Grasshopper plague from the Rocky Mountain Locust devastated the corn crop.
Four Kansas railroads shipped 122,914 head of Texas cattle in eight months. 1874 – Mennonites from Russia introduce Turkey Red wheat to Kansas. 1875 – Most of the buffalo in the state have been destroyed. 1876 – Wyatt Earp moved to Dodge City. 1878 – Cheyenne raid in Northwestern, Kansas. In Oklahoma Indian Territory, the Northern
Cheyenne left their reservation and headed north to their lands in Yellowstone. They were
stopped in Northwestern Kansas at Ladder Creek (known as Beaver Creek today.)
The last Indian raid in Kansas occurred in this year. 1879 – Prohibition is at the forefront of the Kansas legislature. 1880 – Kansas became the first state to pass an amendment prohibiting all alcoholic beverages.
The decade of the 1870’s went a long way in changing Kansas from a windswept open prairie to America’s agricultural heartland. The tranquil appearance of the vast open spaces belies the state’s rough and sometimes bloody path to the Kansas of today. Until I started delving into its history, I knew little about this fascinating state and the people that lived there.
Okay –so now for the fun part 🙂
I’ve started on the last book in the series (I think. It’s never a definite :-0) and I need a name for this cutie pie. I believe this little scruffy pup is going to be a miss not a mister. For a chance at a copy of my latest book, please suggest a name! That’s all there is to it.
My new book, which comes out tomorrow, is about a fictional, newly established town in 1870’s Kansas. The men create a Betterment Committee, banding together to entice women from the east to come there as mail-order brides.
Mail-order brides have been around for ages, although the actual term “mail-order bride” was not in use much until after 1908. It didn’t appear in a major newspaper until 1929 when it was a headline in the New York Times. That first major occurrence detailed the murder of Carroll Rablen by his mail-order bride, Eva, through the use of poison.
The first incidence of enticing women from afar for men in North America was in 1620 with the arrival of the Jamestown Brides. The Virginia Company was made up of men, many who planned to make their fortune in America and return to England. The founders knew that wives and families would make the men establish roots here in the colonies. The ratio there was ten women to every nine men, whereas in the Jamestown Colony the ratio was six men to every one woman.
Ninety middle-class spinsters (single women 30 years of age and older,) came across the Atlantic on a ship hired by the Virginia Company. They were promised a husband and given clothing and sheets as a further means of enticement to make the journey. Most of these women were from the middle class in search of a better life, and indeed they were able to share property with their husband and held a higher status here as the “founding mothers of America” than they had in England.

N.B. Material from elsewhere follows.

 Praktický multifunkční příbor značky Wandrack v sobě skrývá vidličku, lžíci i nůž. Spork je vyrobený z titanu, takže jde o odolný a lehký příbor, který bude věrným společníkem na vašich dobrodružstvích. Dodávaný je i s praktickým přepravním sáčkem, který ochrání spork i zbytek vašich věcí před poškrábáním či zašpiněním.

As men moved west and established towns, they advertised for women to come to help “grow” the towns and settle them. The Civil War played havoc on the notion that every girl would grow up to eventually marry when it wiped out so many men of marriageable age on both sides of the conflict. In the south, the dearth of men was even higher. That is when matrimonial agencies suddenly sprang up and posted advertisements in every major eastern newspaper.
Were these all honest, forthright ads? Of course not.

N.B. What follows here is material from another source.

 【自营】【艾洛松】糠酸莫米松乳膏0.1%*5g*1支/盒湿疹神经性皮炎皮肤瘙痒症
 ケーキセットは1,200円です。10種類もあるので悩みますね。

One incidence I came across in my research fascinated me. Eleanor Barry was an orphan who became a schoolteacher. After answering an advertisement in the San Francisco Magazine, she started corresponding with a Louis Dreibelbis who professed to be a miner in another part of California. After several months of letters back and forth, she agreed to marry him and departed on a train to meet him.
As she neared her destination, four men boarded the train to blow up the strongbox that was filled with gold bullion and money. Eleanor asked that they spare her luggage telling them she was soon to be married. The leader acquiesced, blowing up everyone else’s but hers. It was only after she had reached her destination and married, that she realized the man who had spared her trousseau was the same man to whom she had just said her vows—evidenced by a familiar scar on his face.

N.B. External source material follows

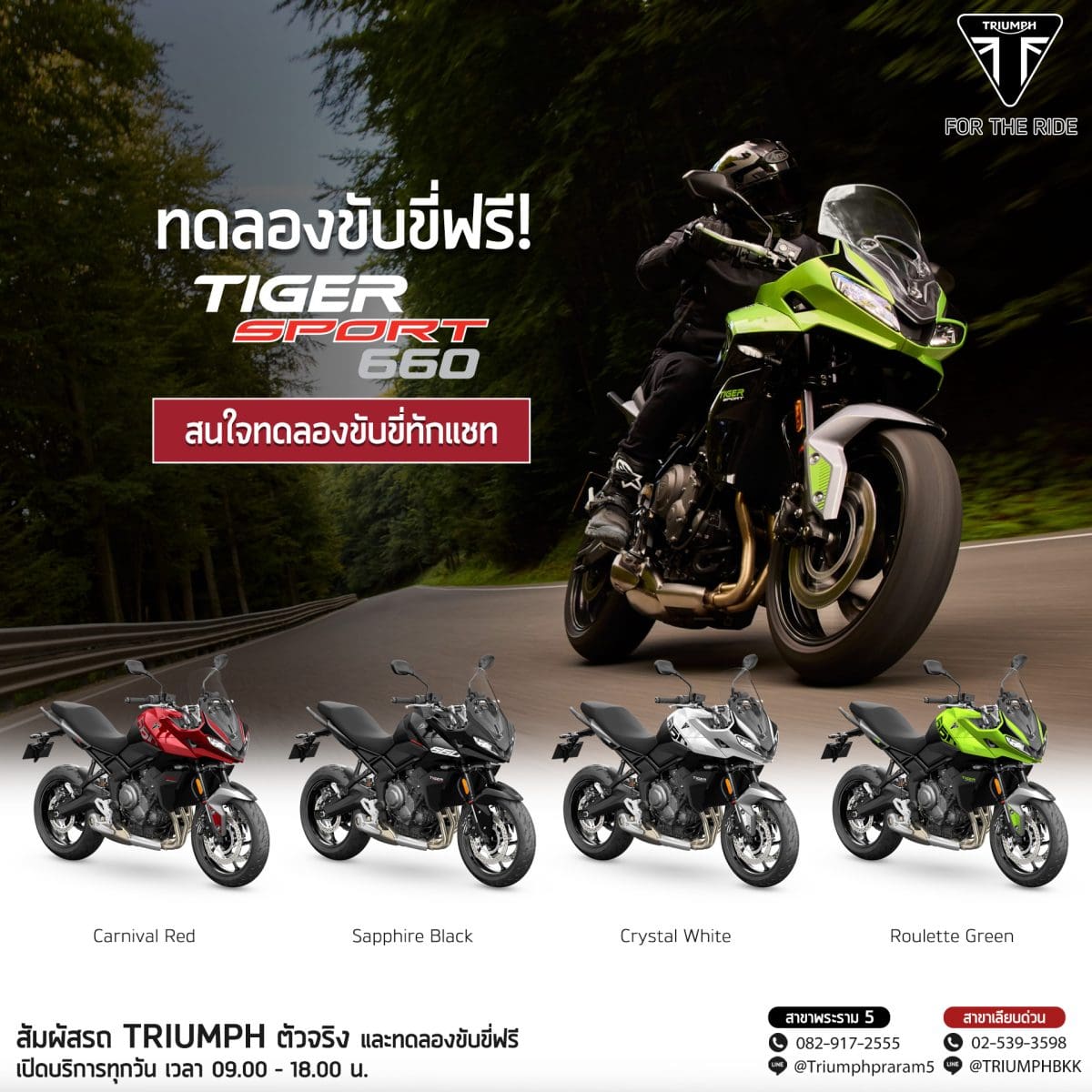 Triumph Tiger Sport 660 มีให้เลือกทั้งหมด 4 สี ได้แก่ 1.สีดำ Sapphire Black  2.สีเขียว Roulette Green  3.สีขาว Crystal White  4.สีแดง Carnival Red

In romance novels, there is a huge readership for these types of stories. I think this is due to the Cinderella story-line and the happily-ever-after. The first mail-order bride story that I ever read (and where I first heard the term) was Sarah, Plain and Tall by Patricia MacLachlan. It was 1986 Newberry Medal winner and Scott O’Dell Award for Historical Fiction and the 1986 Golden Kite Award. I still remember lines from the book!
Why do you think this type of story is so appealing?
Have you read any mail-order bride stories that you enjoyed and would recommend?
I am excited to share the cover of my newest book with you.
(First ~ a little introduction. By the way, this isn’t the cover…)
When twins, Mary and Maggie McCary are caught selling
their family tonic without a permit, they’re forced to agree to become mail-order brides to stay out of jail. Taking the train to Oak Grove, the pair are separated–
For Mary, falling off the Oak Grove train
into Steve Putnam’s lap changes everything.
Could he be the cowboy to tempt her down the aisle?
And running from trouble, Maggie doesn’t intend to actually marry…
until she shares one sensational kiss with Jackson Miller!
When the mayor discovers the twins’ side business and their plans
to avoid the bride contract, things begin to fall apart for the sisters. They both have a lot to learn about the men of Oak Grove…and likewise, the men have a lot to learn about these two McCarys!
Join Maggie and Mary McCary in the first book of a new series from authors Lauri Robinson and Kathryn Albright that are all set in the fictional town of Oak Grove, Kansas.
So without further ado… TA DA!!
I absolutely loved collaborating with Lauri while she wrote Mary’s story and I wrote Maggie’s. These are two young women with a penchant for fun and trouble. In Taming the Runaway Bride, the second story in this book, Maggie’s youth and unconventional upbringing make her view of life slightly skewed from other “normal” folk. For her, rules don’t apply in the regular sense. She turns Jackson Miller’s quiet life into one big knot with her shenanigans!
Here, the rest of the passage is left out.